Противник выматерился и скрылся за вагоном. Я дернулся вдоль блоков, но на полдороге резко остановил движение и на пределе возможностей рванул обратно за трубу. Молясь, только чтобы он не успел меня увидеть, кинулся на землю, перекатился и посмотрел назад.

Застрекотали выстрелы. От блоков посыпалась бетонная крошка. Либо мой разозлившийся приятель не заметил маневра, либо решил подыграть. Так или иначе, валяться за трубой в данной ситуации не лучшее занятие. И я пополз вдоль трубы, изображая собой пластуна.

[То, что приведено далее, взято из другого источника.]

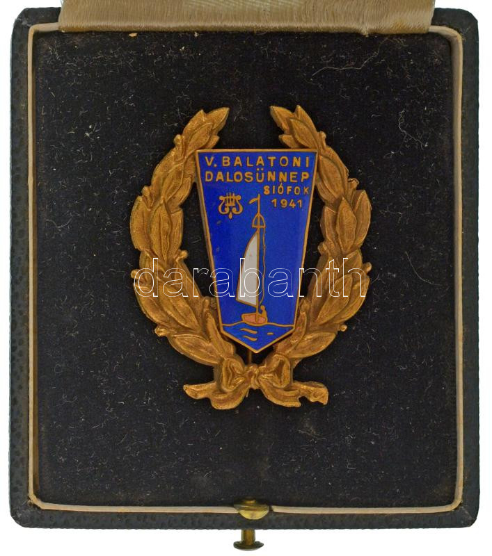 1941. "V. Balatoni Dalosünnep Siófok 1941" zománcozott bronz jelvény "Boczán Károly" gyártói jelzéssel, eredeti jelzett "Boczán" gyártói dísztokban (47x39mm) T:AU / Hungary 1941. "V. Balatoni Dalosünnep Siófok 1941" enamelled bronze badge with "Boczán Károly" maker's mark in original "Boczán" display case (47x39mm) C:AU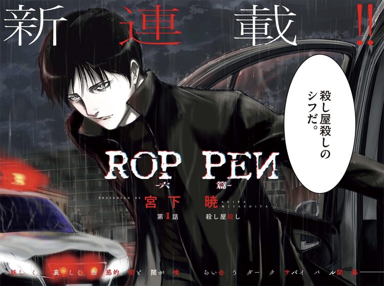 「東独にいた」宮下暁が“殺し屋殺しの男”をスピリッツ描く「ROPPEN-六篇-」 2022年12月26日2022年12月26日 editor 「ROPPEN-六篇-」扉ページ「東独にいた」の宮下暁による新連載「ROPPEN-六篇-」が、本日12月26日発売の週刊ビッグコミックスピリッツ2023年4・5合併号(小学館)で開幕した。 「ROPPEN-六篇-」はテロ国家として安全保障上の脅威となっている六篇法国出身の、殺し屋殺しの男・シフを主人公に描く物語。その名の通り、裏の世界で暗躍する殺し屋たちをターゲットとするシフが、第1話では殺し屋の立てこもり事件の任務に向かう。 (c)宮下暁/小学館 関連記事「楽園追放」続編キャストに佐倉綾音、早見沙織、青山吉能、天城サリー 来年11月公開「ヒロアカ」最終回を山下大輝らと映画館で見届けよう!リアルタイム上映&全話上映実施私には見える、温厚そうな彼のヤバいオーラが…無愛想なOL&裏のある男のオフィスラブアニメ「勇者のクズ」花守ゆみりがセーラ役に、先行上映会にも登壇いがらしみきおが子供の質問に答えるエッセイ書籍化、「友達は必要?」困る質問が続出アラサー女子が忘れていた夢を思い出す…ピアニストを夢見る年下男子と同棲物語 Tweet 関連コミック 東独にいた ROPPEN-六篇-

У дальнего края трубы пришлось остановиться. Перевернувшись на спину, я запустил пятерню в карман. Пальцы нащупали патроны. Остатки былой роскоши. Я не отсчитывал, отмахнул горсточку навскидку и потянул на себя. Это поначалу стрелять трудно, заряжать трудно, чистить оружие трудно. Собрать и разобрать вообще непостижимая наука. Поначалу. Человеку поначалу все трудно, но со временем любой навык доводится до автоматизма. Мозг фиксирует схему и ставит ее выполнение на автопилот. Мозгу абсолютно все равно, что доводить до автоматизма. С одинаковым равнодушием он ставит на автомат мытье посуды, вождение машины, глажку рубашки или убийство людей.

Я не считал патроны. Просто рука на автомате вытащила восемь штук, а пальцы на автомате запихали их в обойму.

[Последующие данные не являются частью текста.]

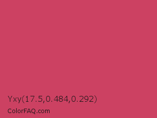 Yxy 17.5,0.484,0.292 Color is a normal red color and the nearest color is Brick Red #cb4154. Hex code #cc4162 and RGB value is rgb(204,65,98). In RGB color space, this color is composed of 80% red, 25% green, 38% blue, In CMYK color space, this color is composed of 0% cyan, 68% magenta, 52% yellow , 20% black , In HSL color space, this color has a hue angle of 346° , 58% saturation and 53% lightness.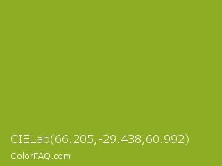 CIELab 66.205,-29.438,60.992 Color is a normal lime color and the nearest color is Citron #9fa91f. Hex code #8cad24 and RGB value is rgb(140,173,36). In RGB color space, this color is composed of 55% red, 68% green, 14% blue, In CMYK color space, this color is composed of 19% cyan, 0% magenta, 79% yellow , 32% black , In HSL color space, this color has a hue angle of 74° , 66% saturation and 41% lightness.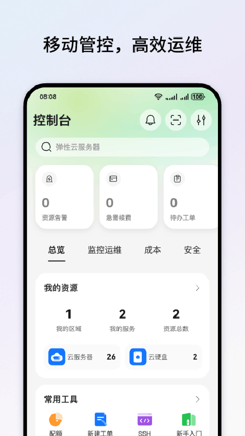 1、支持弹性云服务器、云硬盘等资源移动管理,API调试、SSH等操作一键完成。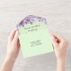 Klassische und elegante Lilacs & Sage All in one Einladung Diese klassische und elegante Hochzeit in einer Einladung ist perfekt für ein einfaches und elegantes Hochzeitsthema. Der lila Rahmen erhöht die Einfachheit des Single-Farbton-Hintergrundes und hebt die wichtigen Details Ihrer Veranstaltung hervor. Jedes Testfeld kann bearbeitet werden, um der Einladung eine persönliche Touch hinzuzufügen. Es wird Platz für Sie zur Notiz Ihrer Website und auch, wenn Sie einen QR-Code haben, um Ihre Gäste mit Informationen zu unterstützen.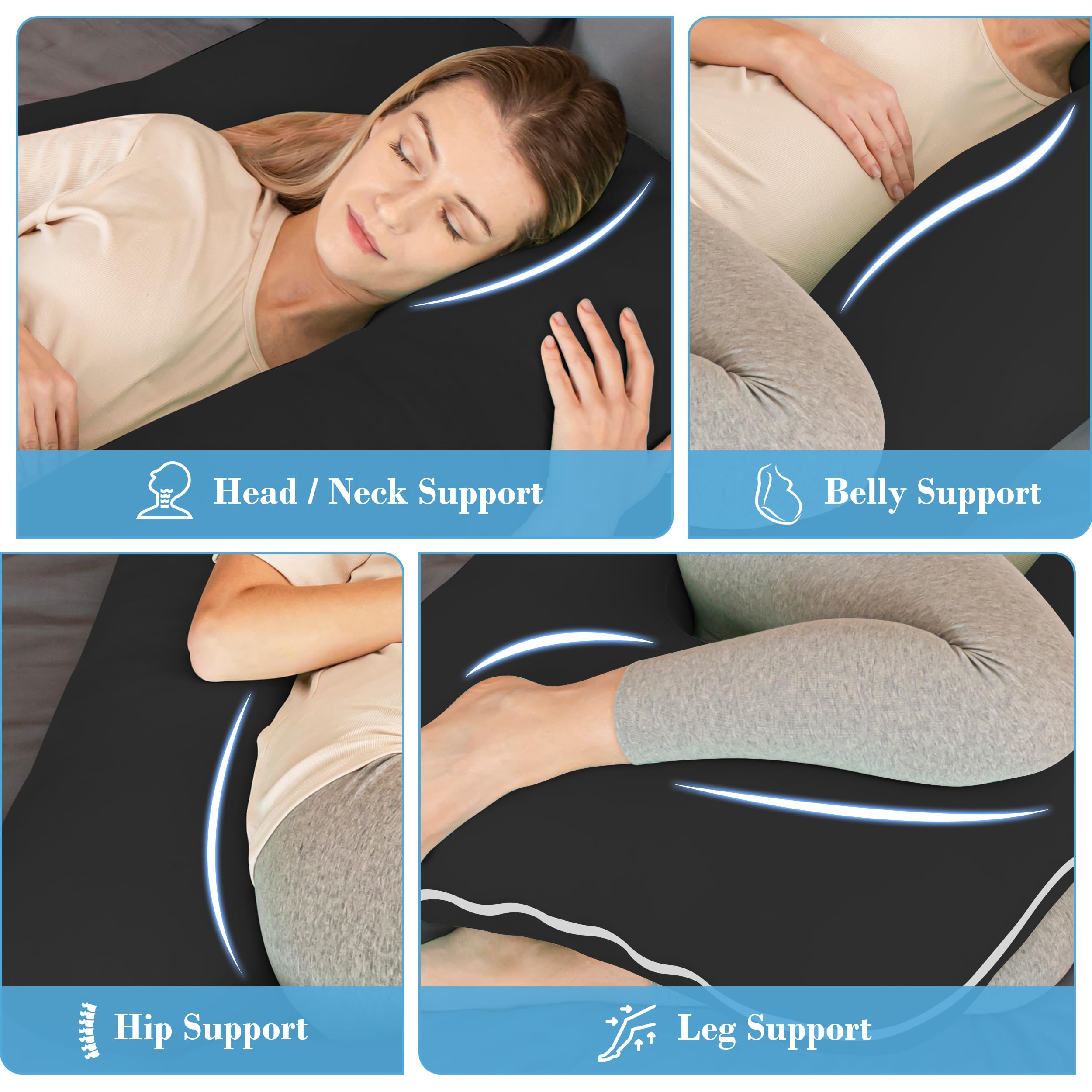 Perfect Pregnancy Pillow - Designed for both side and back sleepers, this body pillow is a versatile addition to any sleeping arrangement. It offers relief from a range of discomforts including pregnancy-related issues, sciatica, fibromyalgia, gastric reflux, back pain, ankle pain, and more. A thoughtful and practical gift suitable for anyone seeking blissful, pain-free slumber.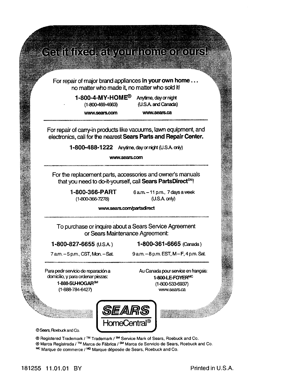 ® Registered Trademark /TMTrademark /SMService Mark of Sears, Roebuck and Co.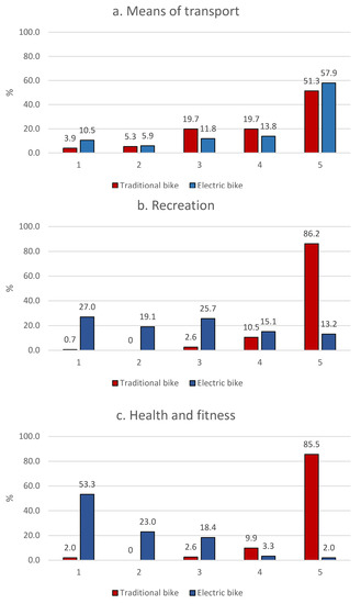 In view of this, if the electric bicycle is largely perceived as a normal bicycle, it can be pointed out that there is no chance to radically change the transport culture by electrifying bicycles. On the other hand, differences in respondents’ perceptions of the two analysed types of bikes are marked in terms of their use for recreation and for improving health and fitness. The electric bicycle is regarded as a tool that is not suitable for these purposes, whereas the traditional bicycle can successfully fulfil this role. The juxtaposition of these two functions—transport, and recreation and health—shows that electric bicycles do not find their place in either field. The verification of the hypotheses set in the study reflects this observation.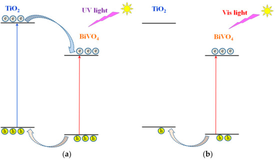Schemes of the electron transfer in heterostructured TiO2/BiVO4 coating under UV (a) and visible (b) light photoexcitation.

Стрельба по ту сторону прекратилась. Теперь был слышен только дождь. Серый, тоскливый, моросящий. Он шлепал по зоне своими тоненькими кислотными лапками уже несколько часов, из-за чего я лежал сейчас в раскисшей грязи. Несмотря на конец августа, погодка в последние дни установилась осенняя. Ладно, лирика это все.

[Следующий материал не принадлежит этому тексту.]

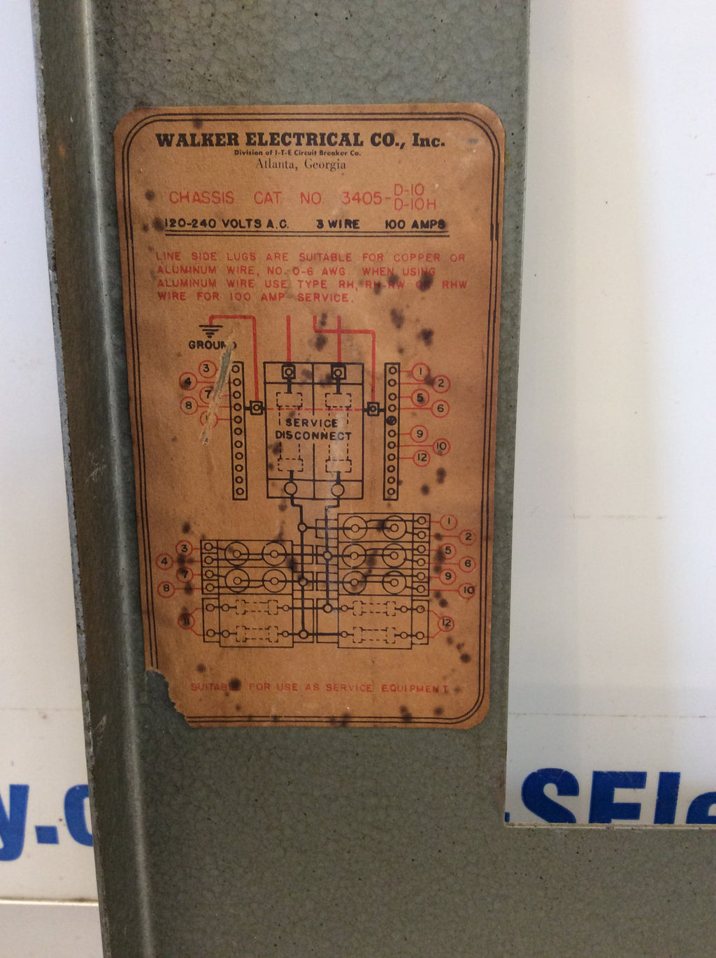 Walker S154089 Chassis #3405-D10, D-10H 120/240v 3 Wire 100 Amp Dead Front
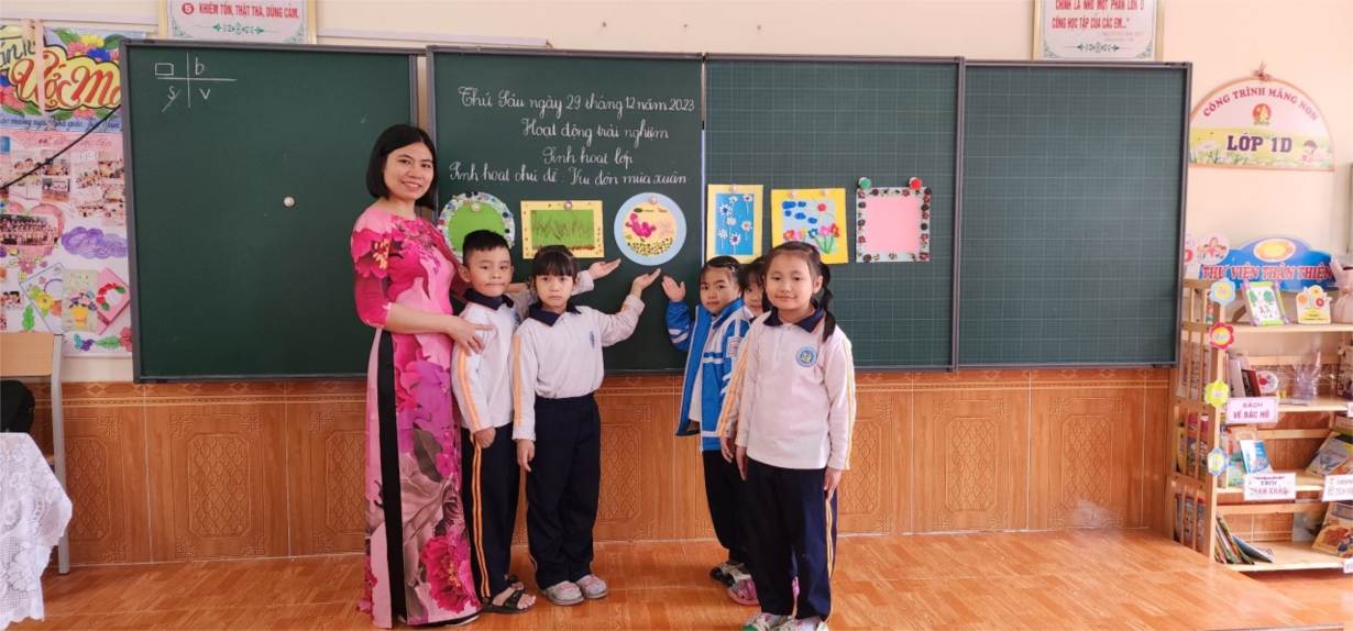 Tiết dạy do cô giáo Nguyễn Thị Thúy Liễu cùng các em học sinh lớp 1 D thực hiện. Tiết dạy đã bám sát mục tiêu của chuyên đề, lồng ghép chủ đề 2- Ngày Tết quê em và lồng ghép Giáo dục STEM. Từ những nguyên liệu như: giấy màu, bông tăm, đất nặn, lá cây, cỏ khô, hoa giấy, cúc áo và các loại hạt như: hạt gấc, đỗ đen, đỗ tương,.... Học sinh được trải nghiệm, sáng tạo tạo ra những khung tranh, tranh để làm quà tặng người thân, thầy cô giáo và bạn bè nhân dịp Tết đến, Xuân về. Nội dung bài dạy phù hợp với tác động tới các đối tượng, học sinh được rèn luyện sự tự tin được thử sức, được sáng tạo, được trình bày giới thiệu các sản phẩm của nhóm mình làm ra.

Дальше от трубы можно было махнуть до забора, окольцовывающего со всех сторон ангар, а потом ломануться бегом прочь от места перестрелки. А можно было тихонько переместиться по кустам ближе к любителю справляться о моем здоровье и пристрелить его по-родственному. При условии, что соперник один, далеко и в неведении, первый вариант был бы выигрышным, если б не одно «но». Он был бы выигрышным в любом другом месте. Только в зоне не бегают. Лучше сразу застрелиться. Это быстрее и безболезненнее.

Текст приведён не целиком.